Of note is "link up 1.5 Gbps", so that would be a problem. I think the kernel is configured properly. When I get home tonight I'm going to check the physical board and the cables (the board in particular, one revision of the board has some connectors which are only SATA 1.5 Gbps, I guess). Fixing that would be nice, but I would assume that the PATA drives would still slow down the array somewhat? I'm thinking of replacing them with some more SATA drives.

So I'm thinking this isn't very RAID related anymore. I don't suppose there's a way to do a hdparm-like write test on the disks without deconstructing the array?

----------

## NeddySeagoon

bssteph,

For 7200rpm drives the head/platter data rate is around 60Mb sec, which is approximately what you get for your sustained data rate for your single drives.

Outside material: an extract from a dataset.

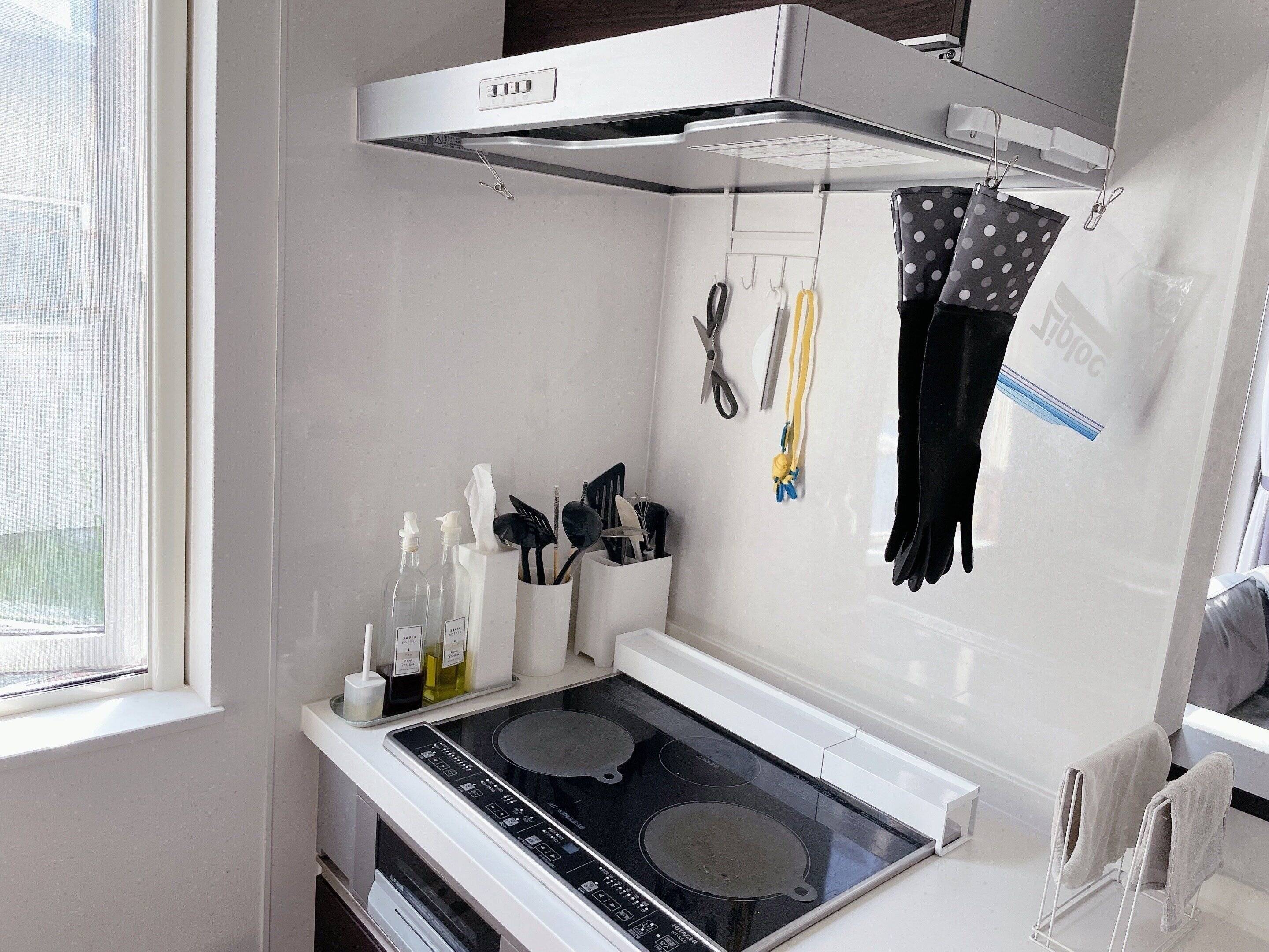 キッチンの換気扇、冷蔵庫の整理整頓、カトラリー収納の拭き掃除。

It depends when on the platter the test runs, outer tracks have more sectors per track than inner ones, so the data rate is higher there.

The connection speed only helps getting data into and out of the drive cache, it plays no part in the sustained data rate.

The buffered reads from /dev/md0, at 163MB/sec shows you are up against the head/platter limit again and the raid 5 data shuffling plays a very small or no part in the data rate limit.

As you say, you cannot write test the drives individually but the write speed will be the same as the read speed, for the same reason, the head/platter data rate. You can write a large file to /dev/md0 to test its write rate.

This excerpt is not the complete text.